- _Your goal_: Return a faithful copy of all the entries, omitting the images.

- _Exercise input_:
************

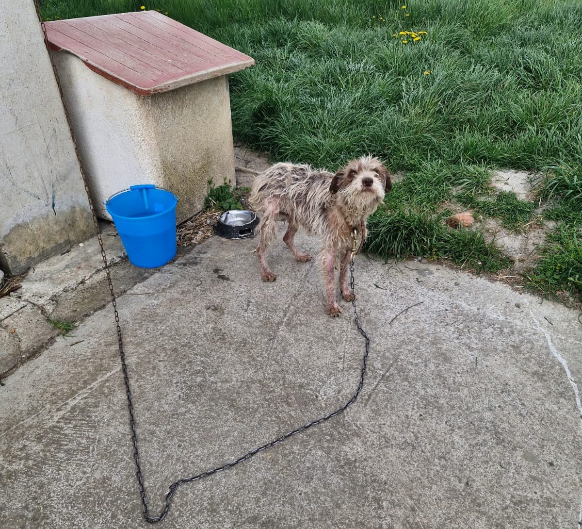 Muffin è un anziano meticcio di taglia medio-piccola, costretto a vivere legato a una catena fissa, accanto al muro di un capannone: una condizione inadeguata per qualsiasi animale e deleteria per un cane anziano e malato come lui. Il povero Muffin, un incrocio con un cane da caccia, è stato salvato dall’intervento delle Guardie Zoofile dell’OIPA di Alessandria, che hanno riscontrato immediatamente la sua estrema magrezza. Muffin presentava inoltre evidenti problemi alla cute e al pelo: pelle arrossata e sanguinante, forse a causa del continuo grattarsi, ma anche una perdita di pelo importante. Per questo, Muffin è stato subito prelevato e sottoposto ad accertamenti veterinari.
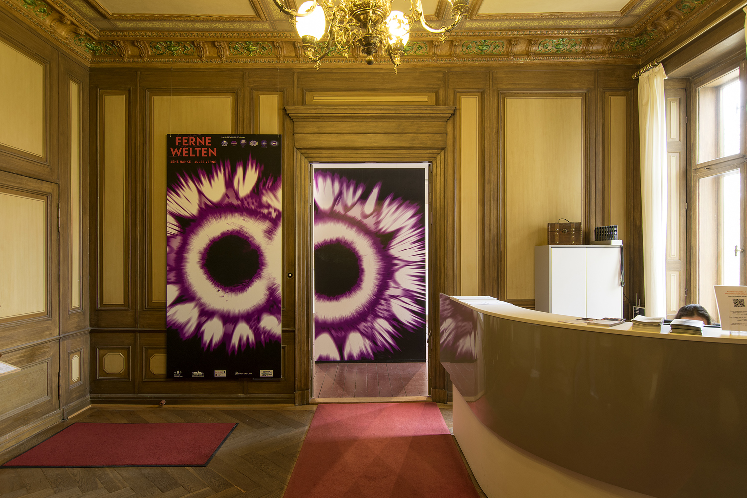 In sechs Räumen der Sonderausstellung und mit ausgewählten Interventionen in den historisch möblierten Wohnräumen von Schloss Britz entsteht ein Amalgam aus der literarischen Ideenwelt Jules Vernes und dem Kunstschaffen von Jens Hanke. Dabei arrangiert der zeitgenössische Künstler seine Gemälde, Zeichnungen und Objekte zu Themenfeldern, die für den „Wissenschaftlichen Roman“ des ausgehenden 19. Jahrhunderts und speziell für das literarische Schaffen Vernes charakteristisch sind. So erschließt sich die Ideenwelt und Mentalitätsgeschichte der Gründerzeit durch eine moderne Kunstausstellung.
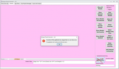 For anyone interested, there is no compatibility issue with Access 10. The Playlist Generator is designed to work against the "live" data folder. @ArchFeral was pointing it to an incomplete backup version. iStripper has two working folders, a models folder that contains the clips themselves, and a data folder with control information. iStripper uses the models.lst file and the names.xml file in the data folder and the card xml and image files in each cards data folder. It also looks for a playlists folder in the data folder, but will work if none is present.
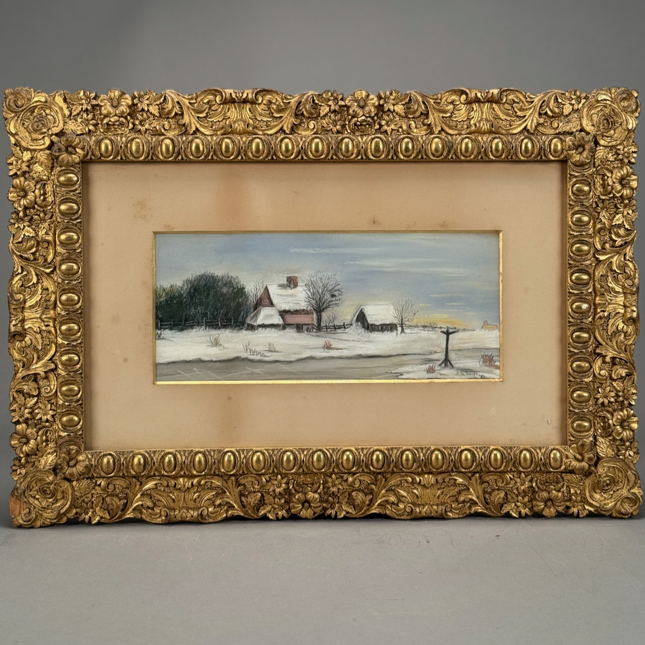 Home / ANTIQUE AUCTION - FRI OCTOBER 3 AT 6 PM / LOT 331 A.E. GEORGE, WINTER HOMESTEAD, PASTEL, SIGNED LOWER RIGHT AND DATED ’86, FRAMED. 6 X 14 SIGHT SIZE LOT 331 A.E. GEORGE, WINTER HOMESTEAD, PASTEL, SIGNED LOWER RIGHT AND DATED ’86, FRAMED. 6 X 14 SIGHT SIZE Place a Bid Categories: ANTIQUE AUCTION - FRI OCTOBER 3 AT 6 PM, OCTOBER 3 AT 6 PM Tag: auction Related products LOT 018 COIN SILVER HANDLED CUP, PROBABLY FREEMAN & WALLIN, PHILADELPHIA, CIRCA 1850. 4″(H), 3.6 OZT. LOT 019 COIN SILVER MUG BY C. BARD & SON, PHILADELPHIA, PA, CIRCA 1850 INSCRIBED ‘ANNA CRAIG FULTON’, THE BODY HAVING REPOUSSE FLOWERS. 3-1/2″(H), 3.3 OZT LOT 020 STERLING SILVER HINGED SQUARE BOX, LONDON, 1806, MAKERS MARK RH?, THE LID WITH A REPOUSSE SCENE OF 2 MEN PLAYING A BOARD GAME. 1-1/4″(H), 4″(W), 4″(D) LOT 001 PAIR OF STERLING SILVER COLUMN CANDLESTICKS BY GORHAM MARKED A3207 EACH HAVING REMOVABLE BOBECHES. 10-1/4″(H)
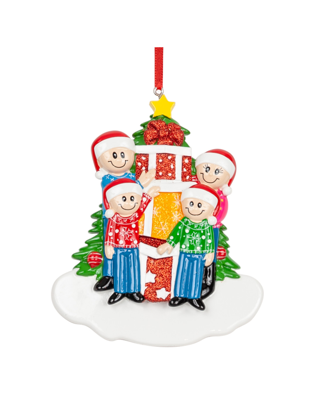 I due elementi più simbolici del Natale? I regali e gli abbracci, i primi sono una bella sorpresa mentre i secondi creano un'atmosfera d'amore e affetto. La decorazione da appendere all'albero è pronta per essere personalizzata inserendo i nomi sui cappellini dei 4 personaggi e scrivendo una frase, un augurio o una data sul banner bianco. Le nostre bravissime decoratrici provvederanno a scrivere a mano ogni tuo desiderio, senza nessun costo aggiuntivo. Ogni decorazione sarà consegnata nella splendida Gift Box.
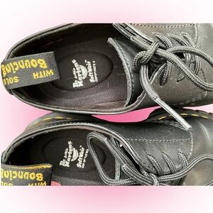 Stylish black platform loafers. Durable leather construction. Iconic yellow stitching. A few scuffs on front- easily covered with shoe polish.. or leave. Hardly noticeable (as seen in photo)
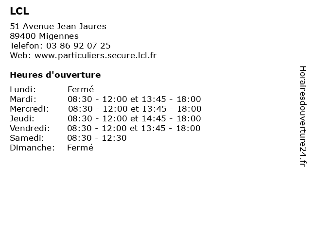 | Mardi | 08:30-12:00 et 13:45-18:00 |
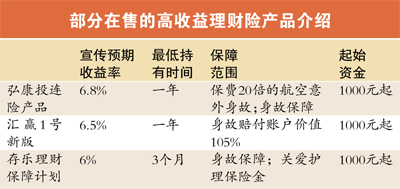 記者昨日在上述保險網銷平臺發現,經歷了一段時間的“靜默期”,如今的理財型保險收益率紛紛水漲船高,除了上述預期收益率為6.8%的投連險,還有珠江人壽推出的年化預期收益率為6.5%的萬能險。不過值得注意的是,除了這幾家此前風格較為激進的保險公司,其他保險公司推出的高收益產品依然難以尋覓。
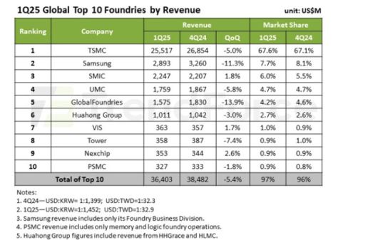 9일 시장조사업체 트렌드포스에 따르면 올해 1분기 글로벌 파운드리 업계의 매출은 364억 달러로 전 분기(385억 달러)보다 5.4% 감소했다. 1분기는 계절적 비수기인데 미국의 상호 관세 면제 시한을 앞두고 고객사 주문이 집중되고 중국의 소비자 보조금 프로그램이 연장되면서 매출 감소가 예상보다 크지 않은 것으로 풀이된다.
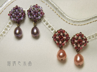 淡水パールのライスと薄いパープルのチェコビーズを使用しています。
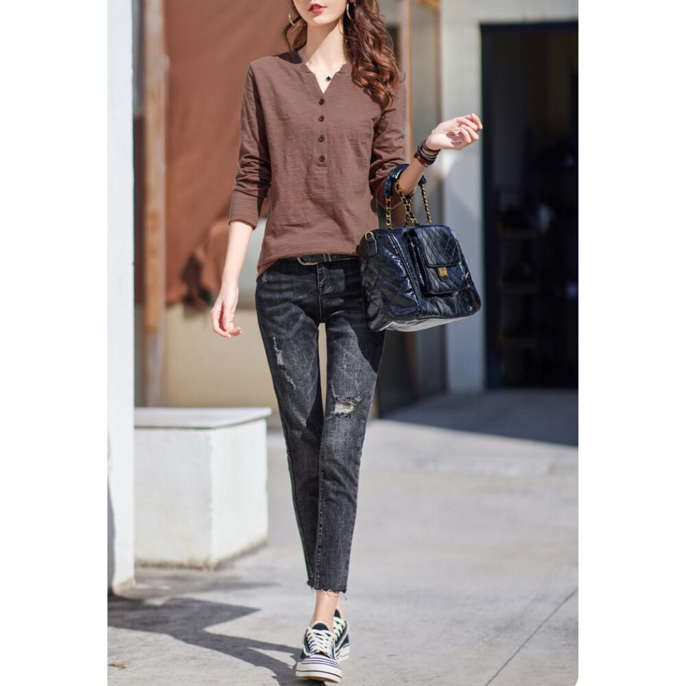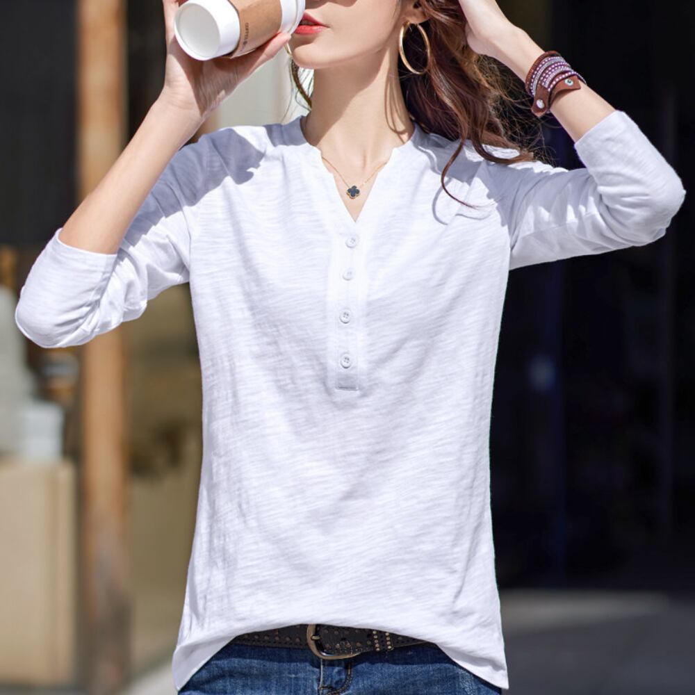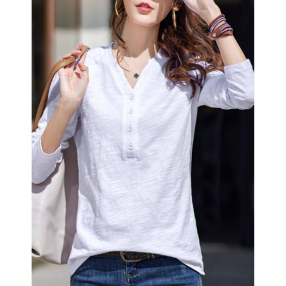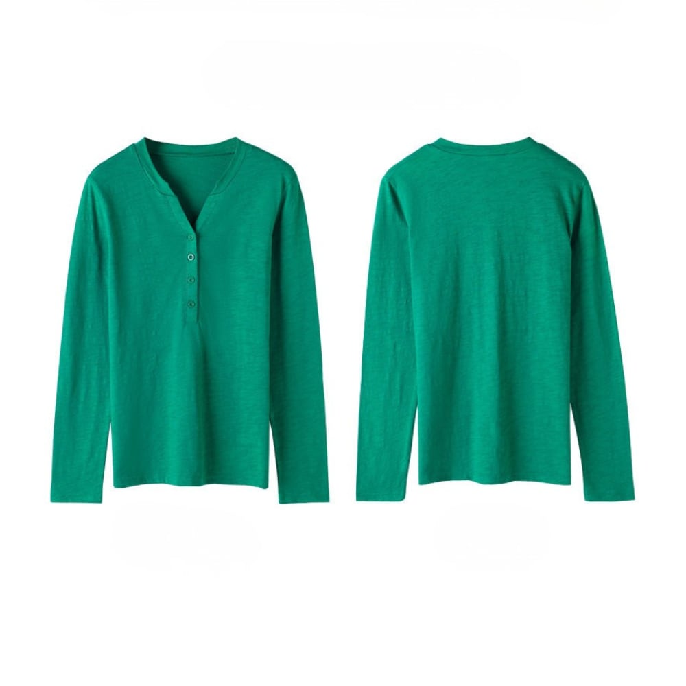 Vネックが首元を美しく見せるシックなボタンフロントシャツ。 カジュアルながらも上品な印象を与え、一枚で着るのはもちろん、ジャケットやカーディガンのインナーとしてもおすすめです。 シンプルなデザインなので、どんなボトムスにも合わせやすい一枚です。 素材は肌にも環境にも優しいバンブーコットン(竹綿)100%で作られ、吸湿性と抗菌性にも優れています。 《カラー》 ホワイト ネイビー グリーン ブラウン 《サイズ》 S : 肩幅37cm 胸囲90cm 着丈61cm 袖丈55cm 袖口幅10cm 参考体重40~50kg M : 肩幅38cm 胸囲94cm 着丈62cm 袖丈56cm 袖口幅10.5cm 参考体重50~55kg L : 肩幅39cm 胸囲98cm 着丈63cm 袖丈57cm 袖口幅11cm 参考体重55~60kg XL : 肩幅40cm 胸囲102cm 着丈64cm 袖丈58cm 袖口幅11.5cm 参考体重60~65kg 2XL : 肩幅41cm 胸囲106cm 着丈65cm 袖丈59cm 袖口幅12cm 参考体重65~73kg 3XL : 肩幅42cm 胸囲110cm 着丈65cm 袖丈59cm 袖口幅12.5cm 参考体重73~80kg ※採寸方法により1~3cmの誤差がある場合がございます。 《素材》 竹綿100% ◇人気のおすすめアイテムをもっと見る https://shop.harmonique.net/categories/5911182 ◇商品を購入する前にこちらの【ご購入前に必ずお読みください】をご確認の上お買い求めください。 https://shop.harmonique.net/blog/2024/06/25/010751 《注意事項》 *harmoniqueではお客様からのご注文を受け、お客様の商品を製作・取り寄せしております。 *基本的にお取り寄せ商品となるため、発送までに《1~3週間前後》お時間をいただいております。 *ご覧いただいているPCやスマートフォンの画面により実物と多少色合いが異なる場合がございます。 *イメージ違いやサイズ違い等、その他お客様都合によりますキャンセル・返品交換はご遠慮ください。 トップページはこちら https://shop.harmonique.net/

************

- _Output of the exercise_:
 Muffin è un anziano meticcio di taglia medio-piccola, costretto a vivere legato a una catena fissa, accanto al muro di un capannone: una condizione inadeguata per qualsiasi animale e deleteria per un cane anziano e malato come lui. Il povero Muffin, un incrocio con un cane da caccia, è stato salvato dall’intervento delle Guardie Zoofile dell’OIPA di Alessandria, che hanno riscontrato immediatamente la sua estrema magrezza. Muffin presentava inoltre evidenti problemi alla cute e al pelo: pelle arrossata e sanguinante, forse a causa del continuo grattarsi, ma anche una perdita di pelo importante. Per questo, Muffin è stato subito prelevato e sottoposto ad accertamenti veterinari.
 In sechs Räumen der Sonderausstellung und mit ausgewählten Interventionen in den historisch möblierten Wohnräumen von Schloss Britz entsteht ein Amalgam aus der literarischen Ideenwelt Jules Vernes und dem Kunstschaffen von Jens Hanke. Dabei arrangiert der zeitgenössische Künstler seine Gemälde, Zeichnungen und Objekte zu Themenfeldern, die für den „Wissenschaftlichen Roman“ des ausgehenden 19. Jahrhunderts und speziell für das literarische Schaffen Vernes charakteristisch sind. So erschließt sich die Ideenwelt und Mentalitätsgeschichte der Gründerzeit durch eine moderne Kunstausstellung.
 For anyone interested, there is no compatibility issue with Access 10. The Playlist Generator is designed to work against the "live" data folder. @ArchFeral was pointing it to an incomplete backup version. iStripper has two working folders, a models folder that contains the clips themselves, and a data folder with control information. iStripper uses the models.lst file and the names.xml file in the data folder and the card xml and image files in each cards data folder. It also looks for a playlists folder in the data folder, but will work if none is present.
 Home / ANTIQUE AUCTION - FRI OCTOBER 3 AT 6 PM / LOT 331 A.E. GEORGE, WINTER HOMESTEAD, PASTEL, SIGNED LOWER RIGHT AND DATED ’86, FRAMED. 6 X 14 SIGHT SIZE LOT 331 A.E. GEORGE, WINTER HOMESTEAD, PASTEL, SIGNED LOWER RIGHT AND DATED ’86, FRAMED. 6 X 14 SIGHT SIZE Place a Bid Categories: ANTIQUE AUCTION - FRI OCTOBER 3 AT 6 PM, OCTOBER 3 AT 6 PM Tag: auction Related products LOT 018 COIN SILVER HANDLED CUP, PROBABLY FREEMAN & WALLIN, PHILADELPHIA, CIRCA 1850. 4″(H), 3.6 OZT. LOT 019 COIN SILVER MUG BY C. BARD & SON, PHILADELPHIA, PA, CIRCA 1850 INSCRIBED ‘ANNA CRAIG FULTON’, THE BODY HAVING REPOUSSE FLOWERS. 3-1/2″(H), 3.3 OZT LOT 020 STERLING SILVER HINGED SQUARE BOX, LONDON, 1806, MAKERS MARK RH?, THE LID WITH A REPOUSSE SCENE OF 2 MEN PLAYING A BOARD GAME. 1-1/4″(H), 4″(W), 4″(D) LOT 001 PAIR OF STERLING SILVER COLUMN CANDLESTICKS BY GORHAM MARKED A3207 EACH HAVING REMOVABLE BOBECHES. 10-1/4″(H)
 I due elementi più simbolici del Natale? I regali e gli abbracci, i primi sono una bella sorpresa mentre i secondi creano un'atmosfera d'amore e affetto. La decorazione da appendere all'albero è pronta per essere personalizzata inserendo i nomi sui cappellini dei 4 personaggi e scrivendo una frase, un augurio o una data sul banner bianco. Le nostre bravissime decoratrici provvederanno a scrivere a mano ogni tuo desiderio, senza nessun costo aggiuntivo. Ogni decorazione sarà consegnata nella splendida Gift Box.
 Stylish black platform loafers. Durable leather construction. Iconic yellow stitching. A few scuffs on front- easily covered with shoe polish.. or leave. Hardly noticeable (as seen in photo)
 | Mardi | 08:30-12:00 et 13:45-18:00 |
 記者昨日在上述保險網銷平臺發現,經歷了一段時間的“靜默期”,如今的理財型保險收益率紛紛水漲船高,除了上述預期收益率為6.8%的投連險,還有珠江人壽推出的年化預期收益率為6.5%的萬能險。不過值得注意的是,除了這幾家此前風格較為激進的保險公司,其他保險公司推出的高收益產品依然難以尋覓。
 9일 시장조사업체 트렌드포스에 따르면 올해 1분기 글로벌 파운드리 업계의 매출은 364억 달러로 전 분기(385억 달러)보다 5.4% 감소했다. 1분기는 계절적 비수기인데 미국의 상호 관세 면제 시한을 앞두고 고객사 주문이 집중되고 중국의 소비자 보조금 프로그램이 연장되면서 매출 감소가 예상보다 크지 않은 것으로 풀이된다.
 淡水パールのライスと薄いパープルのチェコビーズを使用しています。
 Vネックが首元を美しく見せるシックなボタンフロントシャツ。 カジュアルながらも上品な印象を与え、一枚で着るのはもちろん、ジャケットやカーディガンのインナーとしてもおすすめです。 シンプルなデザインなので、どんなボトムスにも合わせやすい一枚です。 素材は肌にも環境にも優しいバンブーコットン(竹綿)100%で作られ、吸湿性と抗菌性にも優れています。 《カラー》 ホワイト ネイビー グリーン ブラウン 《サイズ》 S : 肩幅37cm 胸囲90cm 着丈61cm 袖丈55cm 袖口幅10cm 参考体重40~50kg M : 肩幅38cm 胸囲94cm 着丈62cm 袖丈56cm 袖口幅10.5cm 参考体重50~55kg L : 肩幅39cm 胸囲98cm 着丈63cm 袖丈57cm 袖口幅11cm 参考体重55~60kg XL : 肩幅40cm 胸囲102cm 着丈64cm 袖丈58cm 袖口幅11.5cm 参考体重60~65kg 2XL : 肩幅41cm 胸囲106cm 着丈65cm 袖丈59cm 袖口幅12cm 参考体重65~73kg 3XL : 肩幅42cm 胸囲110cm 着丈65cm 袖丈59cm 袖口幅12.5cm 参考体重73~80kg ※採寸方法により1~3cmの誤差がある場合がございます。 《素材》 竹綿100% ◇人気のおすすめアイテムをもっと見る https://shop.harmonique.net/categories/5911182 ◇商品を購入する前にこちらの【ご購入前に必ずお読みください】をご確認の上お買い求めください。 https://shop.harmonique.net/blog/2024/06/25/010751 《注意事項》 *harmoniqueではお客様からのご注文を受け、お客様の商品を製作・取り寄せしております。 *基本的にお取り寄せ商品となるため、発送までに《1~3週間前後》お時間をいただいております。 *ご覧いただいているPCやスマートフォンの画面により実物と多少色合いが異なる場合がございます。 *イメージ違いやサイズ違い等、その他お客様都合によりますキャンセル・返品交換はご遠慮ください。 トップページはこちら https://shop.harmonique.net/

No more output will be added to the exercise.